For a given parameter budget, which approach typically works best with LoRA?

A) High rank on a few layers. B) Low rank across many layers. C) Medium rank on only the output projection. D) Variable rank per layer (higher for deeper layers).

Answer: B Research shows that for a fixed parameter budget, distributing a lower rank across more layers generally outperforms concentrating a higher rank on fewer layers. This is because fine-tuning adaptations are needed throughout the model, and each layer benefits from some degree of adaptation.


Question 23

Which evaluation dimension is MOST specific to fine-tuned models (as opposed to base models)?
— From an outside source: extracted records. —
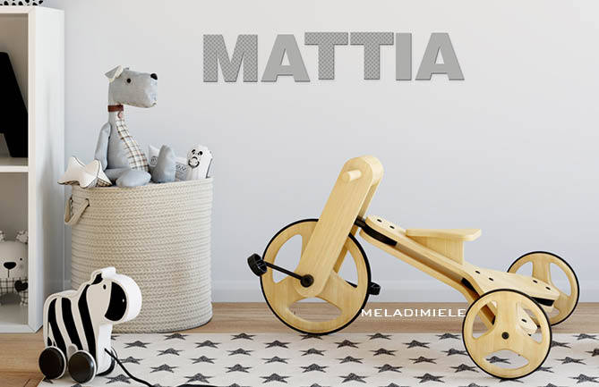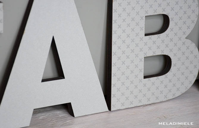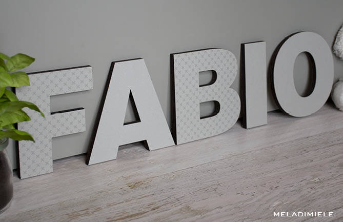 Lettera in legno rivestito. Rivestimento di colore Grigio con texture a croci. Le vocali non riportano texture.
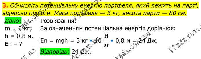 Обчисліть потенціальну енергію портфеля, який лежить на парті, відносно підлоги. Маса портфеля — 3 кг, висота парти — 80 см. Дано: m = 3 кг; h = 0,8 м. Розв’язання: За означенням потенціальна енергія дорівнює: Еп = mgh = 3 кг • 10 Н/кг • 0,8 м = 24 Дж. Відповідь: 24 Дж. Еп – ?
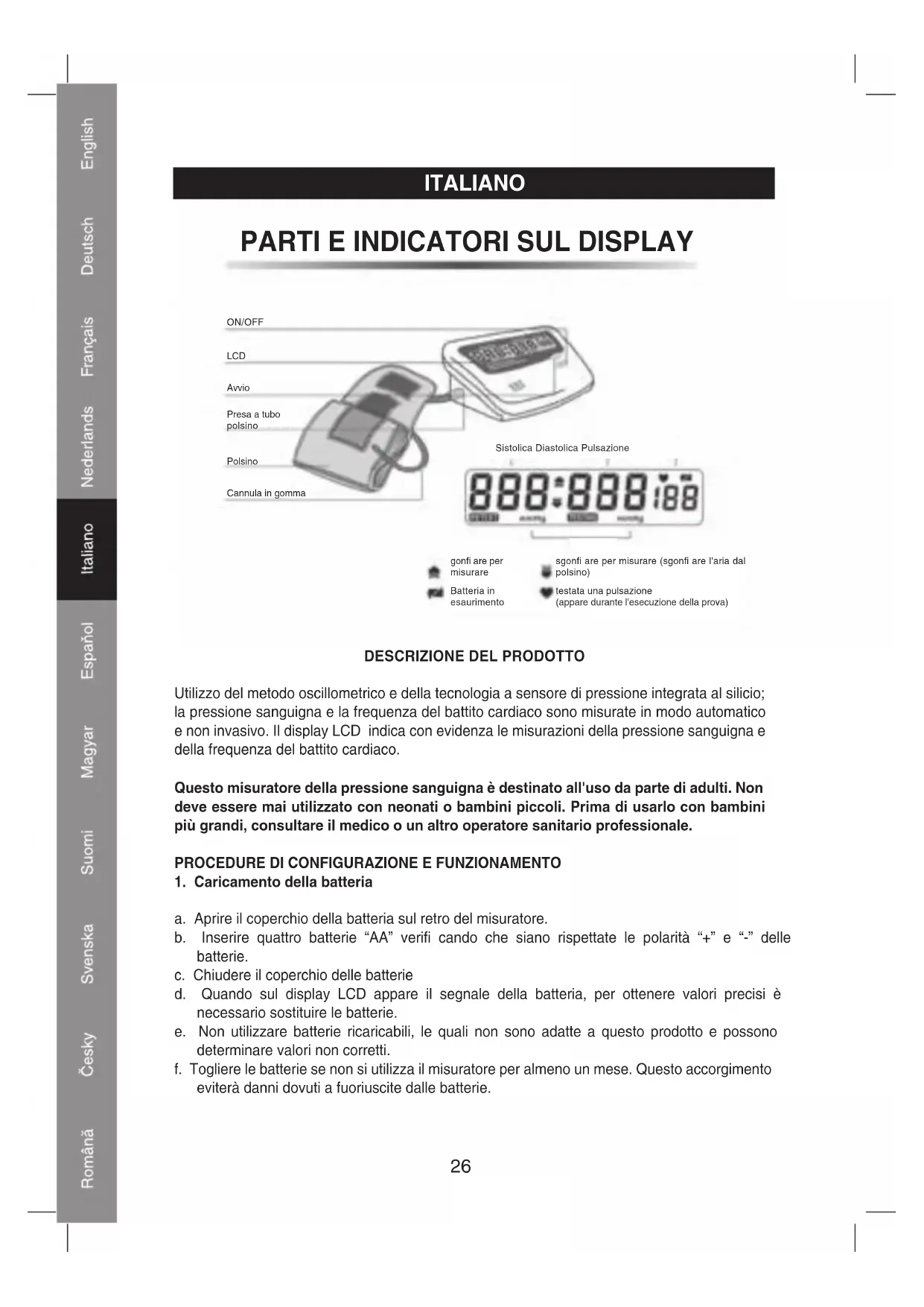Utilizzo del metodo oscillometrico e della tecnologia a sensore di pressione integrata al silicio; la pressione sanguigna e la frequenza del battito cardiaco sono misurate in modo automatico e non invasivo. Il display LCD indica con evidenza le misurazioni della pressione sanguigna e della frequenza del battito cardiaco. Questo misuratore della pressione sanguigna è destinato all'uso da parte di adulti. Non deve essere mai utilizzato con neonati o bambini piccoli. Prima di usarlo con bambini più grandi, consultare il medico o un altro operatore sanitario professionale.
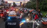 Satlantas Polres Bogor melakukan rekayasa buka tutup jalur untuk mengurai kepadatan.

A) Perplexity on a language modeling benchmark. B) General capability retention on benchmarks like MMLU. C) Token generation speed. D) Vocabulary coverage.

Answer: B General capability retention is uniquely important for fine-tuned models because catastrophic forgetting can degrade performance on tasks the model previously handled well. Base models do not have this concern since they have not been fine-tuned.


Question 24

In multi-task fine-tuning, what is the purpose of task weights $w_t$ in the loss $\mathcal{L} = \sum_t w_t \mathcal{L}_t$?

A) To ensure all tasks converge at the same rate. B) To balance contributions so rare or difficult tasks are not dominated by common or easy ones. C) To reduce the total training time. D) To prevent gradient overflow.

Answer: B Task weights balance the contribution of each task to the total loss. Without weighting, tasks with more data or easier optimization can dominate the gradient signal, causing the model to underperform on rare or difficult tasks.


Question 25

Which statement about the hybrid prompting-then-fine-tuning workflow is TRUE?

A) You should always skip the prompting phase and go directly to fine-tuning. B) Data collected from the prompting phase can be used to create the fine-tuning dataset. C) Once a model is fine-tuned, prompting techniques become useless. D) The prompting phase is only useful if you have no training data.

Answer: B The hybrid approach starts with prompting to validate feasibility, then collects data from the prompting system (inputs, outputs, and human corrections) to create a high-quality fine-tuning dataset. This is a practical, iterative workflow that leverages the strengths of both approaches.